◆ **DATA BLOCK**
=======

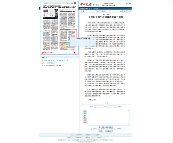 本报讯 日前,从常州工学院传来好消息,该校在2020年美国大学生数学建模竞赛中荣获国际二等奖。据悉,本次比赛吸引了来自北京大学、清华大学、英国剑桥大学、帝国理工学院等众多国内外知名高校的20948支参赛队伍同场竞技。这也是常州工学院参赛团队参加的首场国际性赛事。
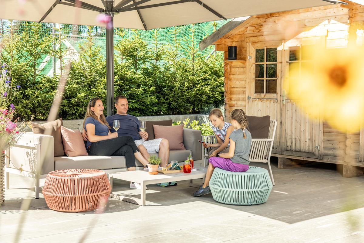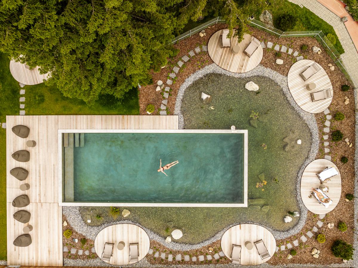 Im Gartenbereich befinden sich eine Minigolfanlage, ein Tennisplatz, ein beheizter aussen Bio-Pool und eine Pool Lounge, während sich die kleinen Gäste auf dem Spielplatz vergnügen können.
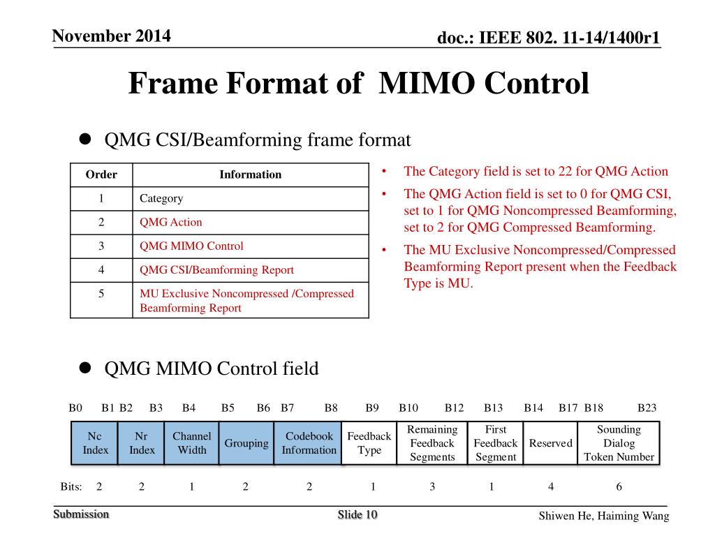 Frame Format of MIMO Control • QMG CSI/Beamforming frame format • QMG MIMO Control field • The Category field is set to 22 for QMG Action • The QMG Action field is set to 0 for QMG CSI, set to 1 for QMG Noncompressed Beamforming, set to 2 for QMG Compressed Beamforming. • The MU Exclusive Noncompressed/Compressed Beamforming Report present when the Feedback Type is MU.
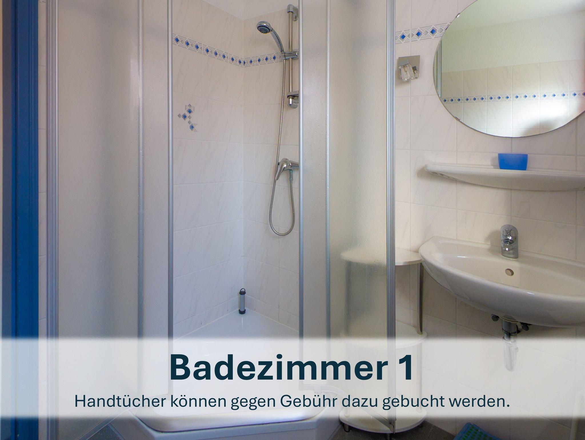 Zwischen den beiden Zimmern liegt das zweite Badezimmer mit Dusche, WC und Waschbecken.

=======

◆ **PROBLEM TO WORK ON**
All of the material above should be output exactly, with the pictures left behind.

◆ **EXERCISE SOLUTION**
 本报讯 日前,从常州工学院传来好消息,该校在2020年美国大学生数学建模竞赛中荣获国际二等奖。据悉,本次比赛吸引了来自北京大学、清华大学、英国剑桥大学、帝国理工学院等众多国内外知名高校的20948支参赛队伍同场竞技。这也是常州工学院参赛团队参加的首场国际性赛事。
 Im Gartenbereich befinden sich eine Minigolfanlage, ein Tennisplatz, ein beheizter aussen Bio-Pool und eine Pool Lounge, während sich die kleinen Gäste auf dem Spielplatz vergnügen können.
 Frame Format of MIMO Control • QMG CSI/Beamforming frame format • QMG MIMO Control field • The Category field is set to 22 for QMG Action • The QMG Action field is set to 0 for QMG CSI, set to 1 for QMG Noncompressed Beamforming, set to 2 for QMG Compressed Beamforming. • The MU Exclusive Noncompressed/Compressed Beamforming Report present when the Feedback Type is MU.
 Zwischen den beiden Zimmern liegt das zweite Badezimmer mit Dusche, WC und Waschbecken.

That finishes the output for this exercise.